I'm not having any issue's with my channels locking up. Well I guess thats not accurate. I've had a channel freeze for like 2 seconds and release. But mines the fact that once the tv's off for an extended period of time. I lose audio and video to the TV from the reciever. I got my replacement reciever last night and I was seriously hoping for the best. But once again this morning. It didn't work, I didn't have a signal. I don't know why, its just a pain in the ass to reset the reciever in the morning and in the evening when I get home. I'll call Dish today to see what they can do, send out a tech to make sure everything is installed correctly and what not. On a good note, I got my harmoney 659 working correctly. Thats about all the good news I've had in two weeks.
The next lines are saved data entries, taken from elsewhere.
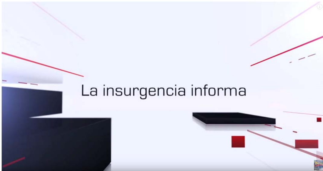
Figure 11. Screenshot from Insurgent Bulletin no. 56 ( https://www.youtube.com/watch?v=3CXkWfmkvqQ ).
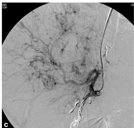
Figure 3 A case of a 58-year-old woman with hepatocellular carcinoma. The branching angle of the origin of the celiac artery was 168 degrees in the multiple projection volume reconstruction image of the sagittal maximum intensity projection (a). Digital subtraction angiography showed sharp downward branching of the celiac artery (b). The subclavian arterial route was selected for implantation of an intra-arterial hepatic port system (c).

artery, may be one reason. Lindner and Kemprud reported that the celiac artery branched right below the median arcuate ligament in 25 of 75 autopsy cases (33%). The rate of downward direction of the celiac artery may be high due to compression by this ligament [7,8]. In addition, breathing affects the angle of celiac artery. CT scans were obtained during deep inspiration, and, thus, the angle of the celiac artery may be exaggerated. However, there have been no reports in the English literature about the branching angle of the celiac artery.
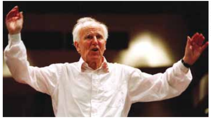
Sir David Willcocks conducts a rehearsal in 2001.
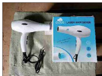
Confiscated illegal items in Shan State.

UNDER the supervision of the Illegal Trade Eradication Steering Committee, efforts to combat the illicit trade continue effectively in accordance with the law.
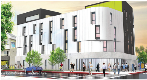
Amani Apartments Wakeland Housing and Development Corporation City and County of Los Angeles

Amani Apartments is one of the first affordable housing communities in Los Angeles to combine supportive housing for unhoused seniors with a Program of All-Inclusive Care for the Elderly (PACE), a specialized senior healthcare system, which has proven highly successful at stabilizing seniors living in supportive housing by providing on- and off-site services, such as medical care, behavioral health, in-home care, and transportation. This model is highly successful at resident retention (90% or higher after one year of operation) and stabilizing residents by offering a wide variety of services. In terms of obstacles overcome, the project site was severely contaminated with environmental hazards, including high levels of lead and cadmium impacted soils due to its previous use as a gas station. The soils required large-scale mitigation and extensive oversight and testing by the California Department of Toxic Substances Control.
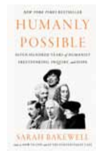
Humanly Possible: Seven Hundred Years of Humanist Freethinking, Inquiry, and Hope By Sarah Bakewell, Penguin, 464 pages, Rs 2,301

Moreover, the book resonates with contemporary concerns, particularly in light of the COVID-19 pandemic, which exposed deep-seated economic inequalities and
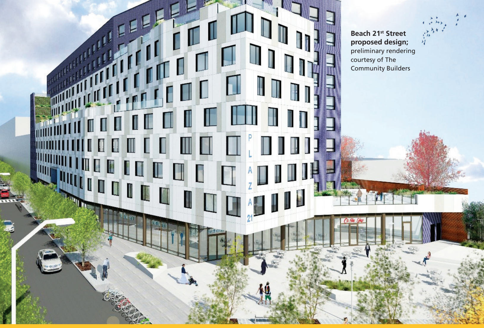
Pending Public Design Commission Approval
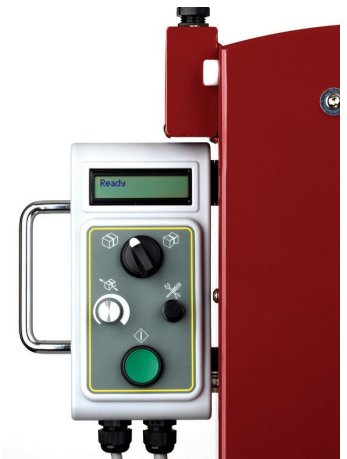
PIVOTING CONTROL PANEL
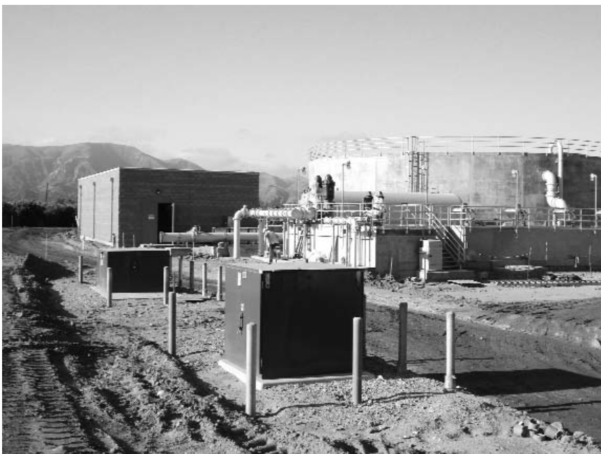
Construction view of the Fillmore Water Recycling Plant's one million gallon recycled water holding tank.

The new plant is yielding water ten times cleaner than other types of modern activated sludge plants, and this
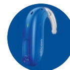
C047 Cool Blue
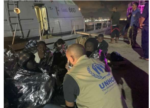
Staff provide assistance at disembarkation point, Tripoli Naval Base 11 Oct.

So far in 2021, a total of 26,314 refugees and migrants have been reported as rescued/intercepted by the Libyan Coast Guard (LCG). On 11 October, 177 people disembarked at Tripoli Naval Base including 31 women and 13 children. Bodies of 15 persons were recovered during the operations. The passengers had set off from Zwara (116 km west of Tripoli) and Alkhums (122 km east of Tripoli) the night before. UNHCR and medical partner, the International Rescue Committee (IRC), were present at disembarkation points to provide urgent aid and medical assistance. This year, more than 109 bodies have been recovered while 347 persons remain missing.
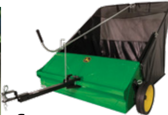
Sweeper 44" LP49038 $699 99
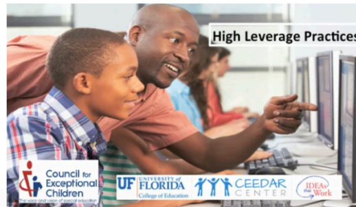
High Leverage Practice #8: Effective Feedback
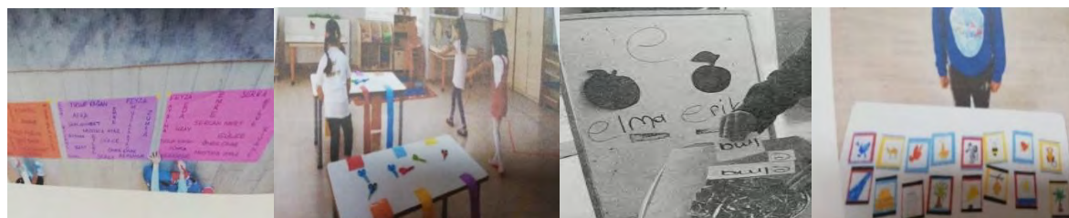
Figure 6. Photos of some teachers' works

“We work on phoneme training, drawing activities, phonological awareness.” (T26)
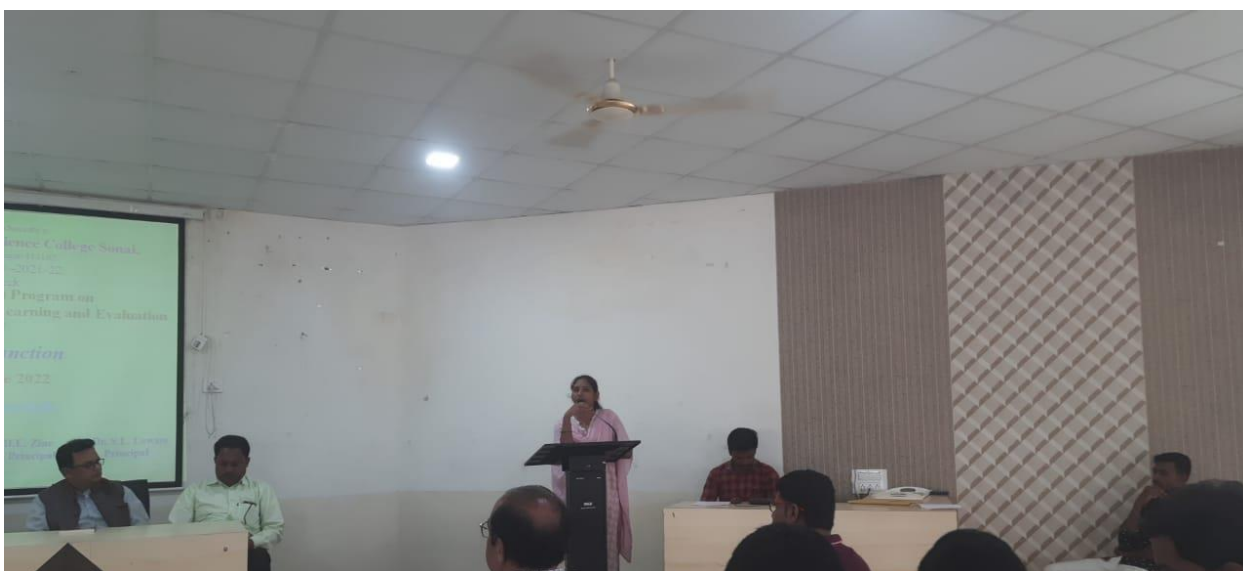
Photo 3 Participated teacher giving feedback during valedictory function
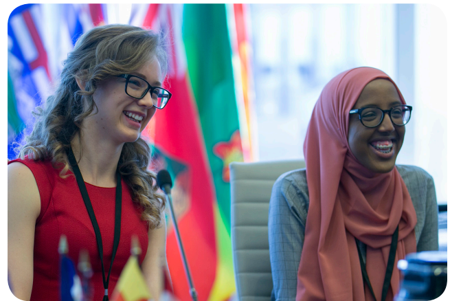
New members of the PMYC have their first meeting
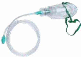
Nebulizer Mask with Chamber
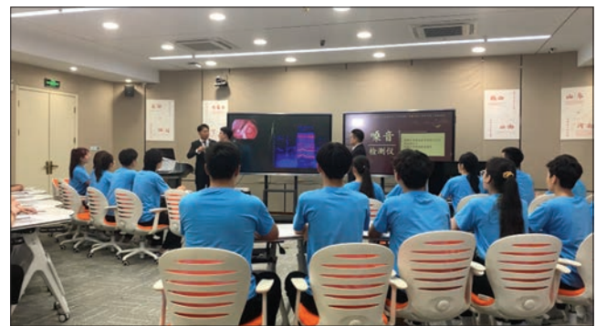
Figure 2. Analysis and dissemination of singing skills in Luoyang Quju Opera
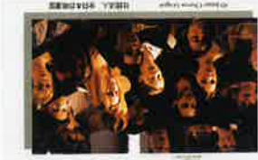
Best Selection 90-96
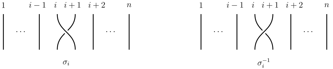
Figure 1: The braid \sigma_i and its inverse.

Geometrically, \sigma_i and its inverse correspond to the braids illustrated in Figure 1.
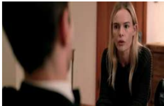
Figure 9 (01:12:10)

To the film director, lighting is more than illumination that enables the viewer to see the action. Lighting, like the other aspects of mise en-scene, is a tool used by the director to convey special meaning about a character or the narrative to the viewer. Lighting can help defining the setting of a scene or accentuate the behavior of the figures in the film. The quality of lighting in a scene can be achieved by manipulating the quality and the direction of the light. If a director wishes to conceal the identity of a particular character in a scene, he backlights the figure to allow the viewer to see only the outline of the character's body like the picture below.
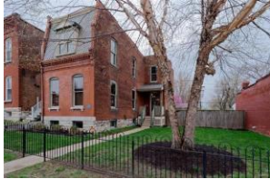
2817 Wyoming St, 63118 2 beds, 2.5 baths, 2,068 sq. ft. - $239,000 (Pending)
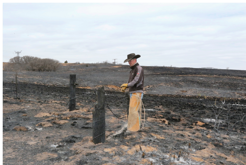
A farmer inspects fences that burned on the 600 acres of land where he runs cattle in Wheeler County, Texas.

In total, the Miller Gustin team made an impact of over $19,000 toward wildfire relief efforts.

Ohh and I've got an Olevia 437H TV


----------



## Sunnyatthebeach (Feb 26, 2008)

Thinslice said:


> I'm not having any issue's with my channels locking up. Well I guess thats not accurate. I've had a channel freeze for like 2 seconds and release. But mines the fact that once the tv's off for an extended period of time. I lose audio and video to the TV from the reciever. I got my replacement reciever last night and I was seriously hoping for the best. But once again this morning. It didn't work, I didn't have a signal. I don't know why, its just a pain in the ass to reset the reciever in the morning and in the evening when I get home. I'll call Dish today to see what they can do, send out a tech to make sure everything is installed correctly and what not. On a good note, I got my harmoney 659 working correctly. Thats about all the good news I've had in two weeks.
> 
> Ohh and I've got an Olevia 437H TV


If your TV is connected to the receiver via HDMI, try cycling your TV through its other inputs for a few seconds each, even though you may have nothing connected on them. In my case (a Sharp 32D64U TV), I can usually get the picture and sound to come back by selecting the analog antenna input followed by the analog input on which I have an old DVD player. When I then select the HDMI input connected to the receiver, the picture and sound return. I'm concluding the receiver software or hardware has difficulty processing the first connection request HDMI signal from the TV when it is turned on, and the procedure just described makes the TV send a new connection request to the receiver.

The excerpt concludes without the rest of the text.